Si la narration apparaît à ce point vaporeuse, comme diluée, c’est parce qu’elle repose à la fois sur une dispersion thématique – Planetarium n’éclate pas sous un trop-plein qu’il ne parviendrait pas à résorber, mais n’acquiert jamais une unité, une dynamique propre – et une architecture hésitante : l’écriture se résume à une accumulation de scènes à peine esquissées, de petits blocs narratifs balbutiants, où tout s’enchaîne trop vite sans jamais prendre en ampleur, où chaque ellipse ne participe pas tant d’un mystère que de la confusion ambiante. Tout est fluide, mais d’une fluidité mécanique, monotone et désaffectée : les situations se font et se défont, sans que l’on ne s’y sente impliqué. Pour extirper son spectateur de l’ennui, la cinéaste s’en trouve réduite à des visions sans idées (les rares moments oniriques) ou des effets de suspense hors de propos (l'embarrassante scène de gémissements).
On voit bien le travail de résonance avec notre époque – de la crise d’une société, propice à l’exacerbation des tensions raciales (même la déchéance de nationalité est évoquée), à une industrie cinématographique engagée dans une ère de progrès technique (et dont Planetarium lui-même, en tant que premier film intégralement tourné avec l’Alexa 65, se fait l’écho) –, mais rien ne dépasse la statut de la référence appuyée, à l’instar de ces hommages cinéphiles peu inspirés qui parsèment le récit. En contrepoint, Zlotowski tente le pari audacieux du mélodrame, mais ce lyrisme que la musique de Rob ne cesse de clamer ne trouve jamais écho dans la chair de l’image. C’est comme si la cinéaste, mystifiée par les capacités exceptionnelles de sa caméra, en avait oublié de produire de l’incarnation, du liant, de sculpter des espaces et du temps, soit le propre de l’art cinématographique. En l’état, la forme est – c’est triste à dire du travail d’une personnalité au si fort tempérament – sans éclat ni caractère, sans identité en somme. En dépit d’attentes légitimes, l’image reste désespérément lisse, ployant sous une lumière sans texture ni vibration.

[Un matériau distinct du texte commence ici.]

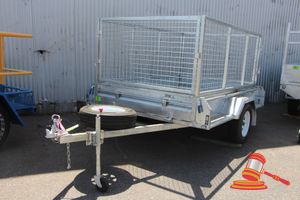 GALVANISED/SILVER, SINGLE AXLE, 7 PIN RECTANGULAR TRAILER PLUG, REG# 1TYL393 LIC: 2.5.23, VIN# 6U9VSS00000228871, JOCKEY WHEEL, SPARE WHEEL, CAGE OPENS FRONT & REAR, CAGE REMOVABLE, DROP DOWN FRONT & REAR LOAD GATES, RUNNING BOARDS & TIE DOWN POINTS ON EITHER SIDES (WP1166)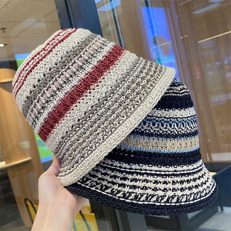 カラーブロックストライプ織りフィッシャーマンハット、春夏万能バケットハット、顔が見える小さな日焼け止めサンハット、女性用の新しいスタイルの帽子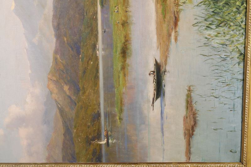 Paesaggio con montagne, lago e figurine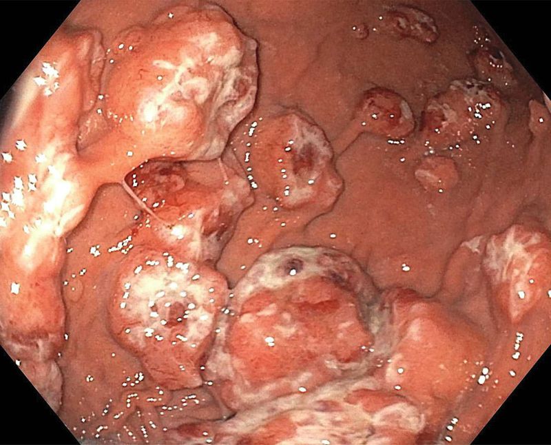 An 85-year-old man presented to the emergency department after losing consciousness and collapsing. He had regained consciousness by the time of presentation and reported a 2-week history of passing dark stools. He had a history of two cancers: breast cancer, for which he was receiving treatment with goserelin and letrozole, and nodular melanoma, for which he had undergone a wide local excision on the right arm and dissection of the axillary lymph nodes 5 months earlier. The heart rate was 110 beats per minute, and the blood pressure was 115/70. He was pale, and there was evidence of ongoing melena with no abdominal tenderness. Laboratory studies showed a hemoglobin level of 7.6 g per deciliter (normal range, 11.5 to 15.5), and he received 1 unit of red cells. Endoscopy revealed multiple polypoid nodules with a central depression and evidence of recent, but not active, bleeding in the stomach. The results of histologic analysis of biopsy samples were consistent with metastatic melanoma. Computed tomography showed thickening of the stomach wall and lining, along with metastases in the brain, lung, and liver. Despite treatment with palliative radiation and pembrolizumab, he presented 3 months later with further episodes of melena as well as multiple other complications. He was transitioned to hospice care and died shortly thereafter.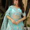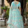 Turn heads with this ethereal Sky Blue Soft Net Lehenga, adorned with delicate thread and sequins embroidery. Designed with a generous flair of approximately 3.50 meters, this semi-stitched lehenga allows custom fitting for waist sizes up to 43″. The matching unstitched blouse in soft net is also beautifully embroidered, while the dupatta features a matching embroidered border for an elegant finish. Perfect for weddings, receptions, and festive occasions.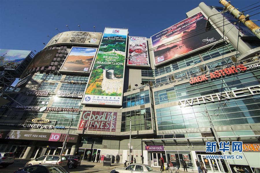 這是1月1日在加拿大多倫多市中心的鄧達(dá)斯廣場拍攝的“美麗中國——2017絲綢之路旅游年”主題宣傳廣告牌。從2016年12月26日起,由中國國家旅游局推出、以“美麗中國——2017絲綢之路旅游年”為主題的大型旅游宣傳廣告在加拿大多倫多市中心鄧達(dá)斯廣場亮相,向人們展示中國美麗而豐富的旅游資源。整個活動將持續(xù)5周。新華社發(fā)(鄒崢攝)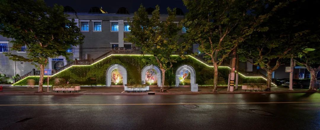 此处绿墙单块高达9米、长超50米,是静安区最大体量景观绿墙。在设计方面采用鲸鱼作为主题元素,绿墙的夜景营造沿鲸鱼和波浪图案布置造型轮廓灯,在夜间突出鲸鱼造型。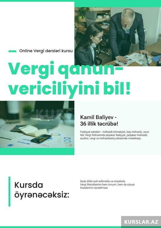 Kurs, 36 illik təcrübəyə malik, uzun illər vergi orqanlarında və özəl sektorda baş mühasib, auditor və məsləhətçi kimi fəaliyyət göstərmiş peşəkar mütəxəssis tərəfindən keçirilir. Bu proqram həm nəzəri, həm də praktiki biliklərin birləşdiyi tədris modelinə əsaslanır və iştirakçılara Azərbaycan vergi sistemini tam şəkildə mənimsəməyə kömək edir. Təlimlər əyani, online formada isə Zoom və ya Google Meet üzərindən fərdi və ya qrup şəklində keçirilir. İştirakçılar öz iş və təhsil qrafikinə uyğun olaraq səhər və ya axşam qruplarından birini seçə bilərlər. Üç ay davam edən bu kurs həftədə iki dəfə 1.5 saatlıq dərsləri əhatə edir.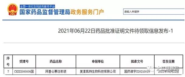 2021年6月22日,复星凯特旗下的阿基仑赛注射液,获得国家药监局审批。

Cette idée magnifique de faire se télescoper puissances du faux – l’art cinématographique – et celles de l’invisible – les morts et leur possible présence spectrale – ne produit pas grand-chose, tant Zlotowski semble privilégier les premières aux secondes. Les fantômes ne sont convoqués que dans une dimension purement théorique : Planetarium n’est, à aucun moment, un film habité. Cette impuissance totale à filmer l’impalpable ne serait pas si prégnante si elle ne contredisait pas l’entièreté du projet. Comment une œuvre sur la croyance peut-elle offrir si peu à croire ? Ironiquement, une réponse potentielle est formulée par le film lui-même. Au début du récit, dans ce qui restera peut-être son plus beau moment (et le seul ouvertement nocturne, avec la scène finale), la plus jeune des soeurs s’interroge, en contemplant le ciel étoilé par la vitre d’un train filant à vive allure dans la nuit, sur l’impossibilité de percevoir les étoiles à la lumière du jour. Son aînée lui répond alors, en substance, que la clarté n’est pas toujours la meilleure manière de voir, et que l’obscurité aussi, à sa manière, révèle et dévoile. Rebecca Zlotowski n’applique jamais cette belle maxime : Planetarium néglige trop les puissances de l’ombre pour nous emporter dans son histoire de spectres et d’illusions.